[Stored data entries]
+ + + +
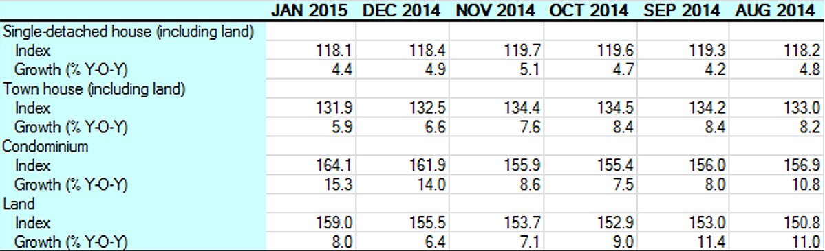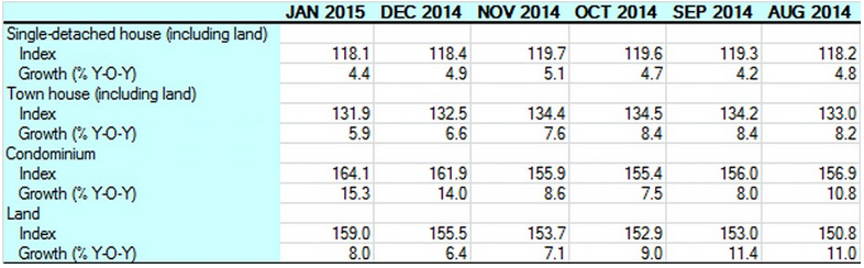 同銀行が作成するハウスプライス・インデックスによれば、各セクターの前年同月比の価格変動は、一戸建てが4.4%の上昇、タウンハウスは5.9%の上昇、土地は8%の上昇、そして、コンドミニアムはなんと15.3%の上昇という結果です。
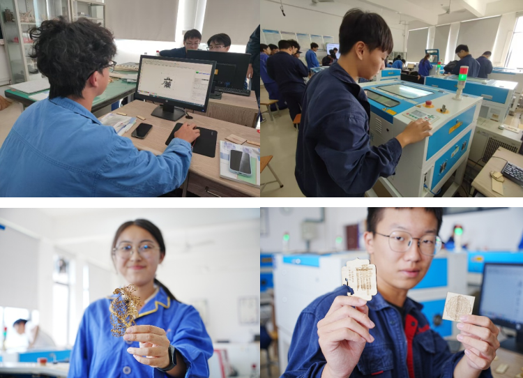 依托科技部首批众创空间及先进设备资源,活动开设专项技术培训课程,帮助学生掌握数字化设计与智能制造技能。在激光雕刻实践中,学生以莲花、翠竹等象征廉洁的图案为素材,将“出淤泥而不染”“虚心劲节”等精神寓意融入作品设计;通过3D打印技术,廉洁文化生肖模型、桌面屏风等创意作品层层“打印”而出,让廉洁精神在科技实践中生动传承。
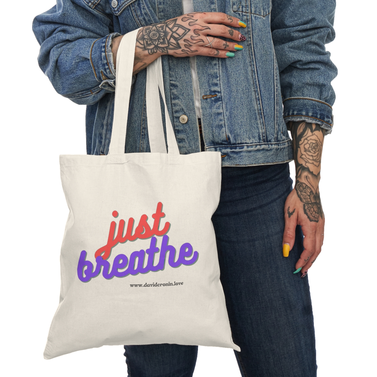 “just breathe” A 100% cotton tote bag is the champion of durability, sustainability, in beautiful quality that’ll last for years to come.
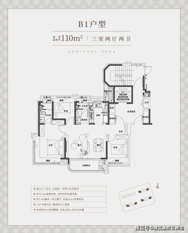 中环铂樾售楼处营销中心:400-8828-814中环铂樾售楼处电话/地址☎:400-882-8814(开发商热线)建面约110㎡三房边套户型,约5.4m超大横厅、南向面宽做到了惊人的约12.3米,堪比别墅级别的产品!巨幕阳台+边套270°景观视野,空间体验与采光感拉满!
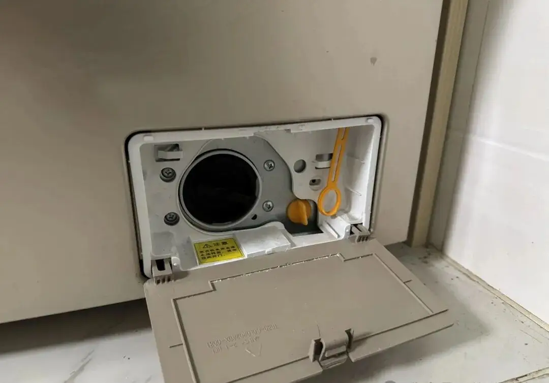 说了这么多,这个关键的小机关到底在哪里呢?绝大多数滚筒洗衣机的这个装置都位于右下角,是一个不太起眼的小门。
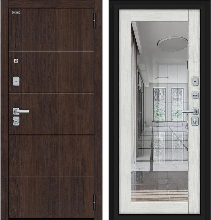 Надежная входная Дверь Браво Флэт/BChrome Almon/Bianco Melinga премиум класса по цене 42 375 руб. Большая толщина стали защитит от проникновения в ваш дом, квартиру или коттедж. Используется очень качественная фурнитура: замки, цилиндры, ручки, защелки. Покрытие и отделка двери изготовлено под внимательным контролем производителя. Дверь имеет долгий срок службы и гарантию.
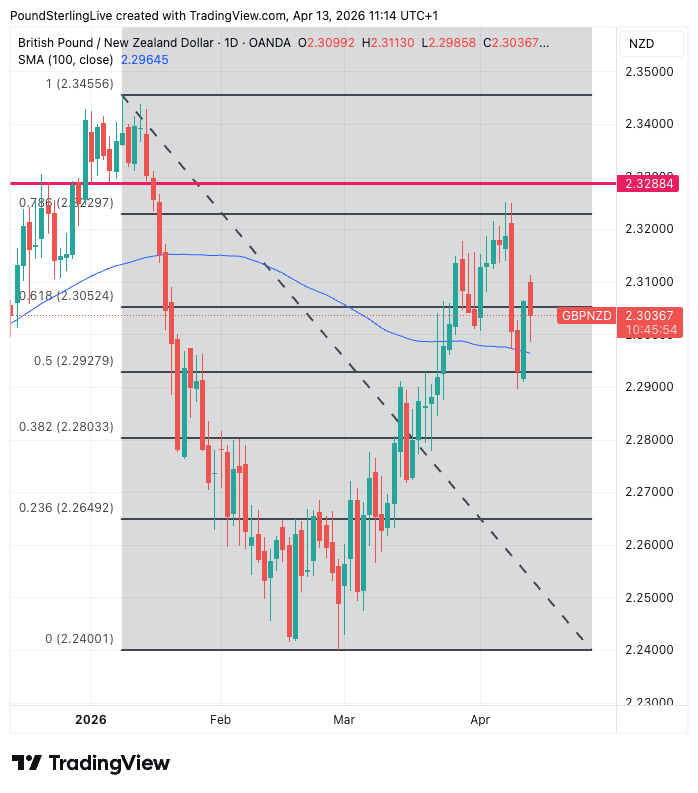 GBP/NZD opened the day at 2.3110 but has since retreated to 2.3030 amidst a NZD comeback.
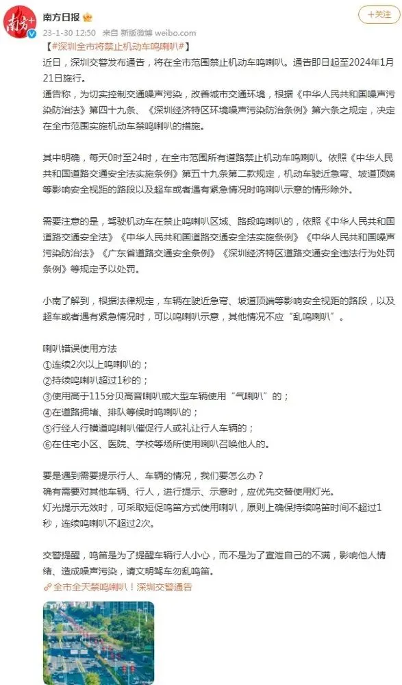 近日,深圳交警发布通告,将在全市范围禁止机动车鸣喇叭。通告即日起至2024年1月21日施行。
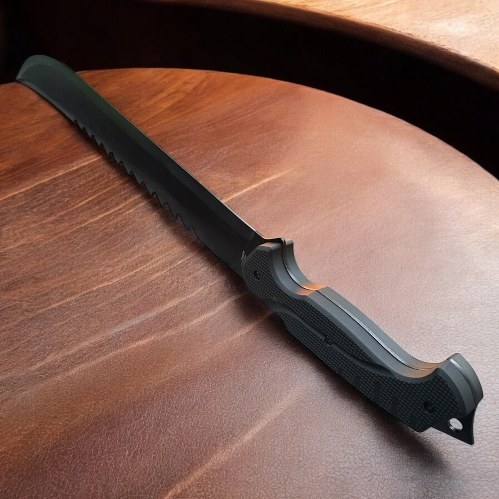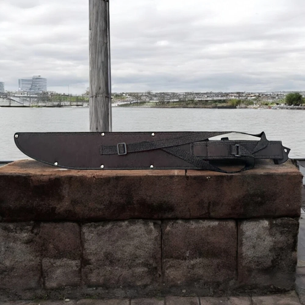 SZCO 25” Black Sawback Machete – Full Tang Survival Knife with Sheath This massive machete means business. With a menacing 25-inch full tang build and aggressive sawback spine, this SZCO survival blade is built for heavy-duty tasks — from field clearing to outdoor survival. A durable blacked-out finish, ergonomic grip, and included sheath make this a must-have for collectors, campers, and tactical users. Features: Total Length: 25 inches Blade Length: 18.25 inches Blade Style: Clip Point with Sawback Spine Blade Finish: Matte Black Handle: Textured Full Grip Polymer Tang: Full Tang Construction Includes: Nylon Tactical Sheath with Belt Loop Brand: SZCO Condition: Brand New Use: Survival | Camping | Hunting | Display | Collection 💥 Why You’ll Love It: Massive and intimidating with real functionality Sawback edge for light sawing/utility cuts Great balance for such a large profile Tactical and collectible — looks great on display Ships fast and secure 📦 What You Get: You will receive the exact machete shown in the photos, along with its fitted sheath. ⚠️ Buyer must be 18+ and follow all local, state, and federal laws regarding blade ownership.
+ + + +
ASSIGNED TASK:
The answer should contain only the lines from the start of the records above through the line with "中环铂樾售楼处营销中心:40", copied exactly, and no pictures.

TASK OUTPUT:
 同銀行が作成するハウスプライス・インデックスによれば、各セクターの前年同月比の価格変動は、一戸建てが4.4%の上昇、タウンハウスは5.9%の上昇、土地は8%の上昇、そして、コンドミニアムはなんと15.3%の上昇という結果です。
 依托科技部首批众创空间及先进设备资源,活动开设专项技术培训课程,帮助学生掌握数字化设计与智能制造技能。在激光雕刻实践中,学生以莲花、翠竹等象征廉洁的图案为素材,将“出淤泥而不染”“虚心劲节”等精神寓意融入作品设计;通过3D打印技术,廉洁文化生肖模型、桌面屏风等创意作品层层“打印”而出,让廉洁精神在科技实践中生动传承。
 “just breathe” A 100% cotton tote bag is the champion of durability, sustainability, in beautiful quality that’ll last for years to come.
 中环铂樾售楼处营销中心:400-8828-814中环铂樾售楼处电话/地址☎:400-882-8814(开发商热线)建面约110㎡三房边套户型,约5.4m超大横厅、南向面宽做到了惊人的约12.3米,堪比别墅级别的产品!巨幕阳台+边套270°景观视野,空间体验与采光感拉满!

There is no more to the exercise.